To make matters worse, there are dozens of different kinds of boats landing at these piers. No announcement is made when the River Express lands. There is no time schedule posted, etc. The River Express employees make no announcements when they arrive or depart. You merely have to know that you are getting on the correct boat. The boat pictured above is the correct one.

The boats arrive and depart without warning. If you don’t immediately get on, you will not be getting on. It’s that simple (or frustrating depending on whether you get on the correct boat or not).
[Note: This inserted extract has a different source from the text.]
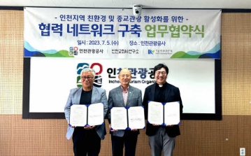 인천관광공사(사장 백현, 이하 공사)는 5일 공사 디지털회의실에서 인천교회사연구소(소장 장동훈), 가톨릭환경연대(선임대표 최진형)와 ‘인천지역 친환경 및 종교관광 활성화’를 위한 다자간 업무협약을 체결했다고 밝혔다.

We took the River Express (there is nothing “express” about it by the way) from Pier 1 (Oriental Pier) to Pier 9 (Tha Chang Pier). Even though the water is seriously polluted, and we had to stand the entire way, the ride was somehow refreshing–much cooler anyway than standing or walking around Bangkok in the middle of the day.

Chao Phraya River bangkok Wat Kalayanmit

A few temples (wat) can be seen from the river. One is Wat Kalayanmit, pictured above. The boat pictured in front of this temple is a long tail boat, which you can rent to cruise the Bangkok waterways or to get to one of Thailand’s many islands.

Chao Phraya River wat arun temple dawn

Another of the temples that can be partially viewed from the Chao Phraya River is Wat Arun (Temple of Dawn).

lunch thai food off Chao Phraya River

Once we arrived at Pier 9 we found ourselves in the middle of a shopping/eating center of sorts. We had brunch at the place above. There are few other places in the world where a family of four can all be happy with their meal and the bill come to less than $10 total.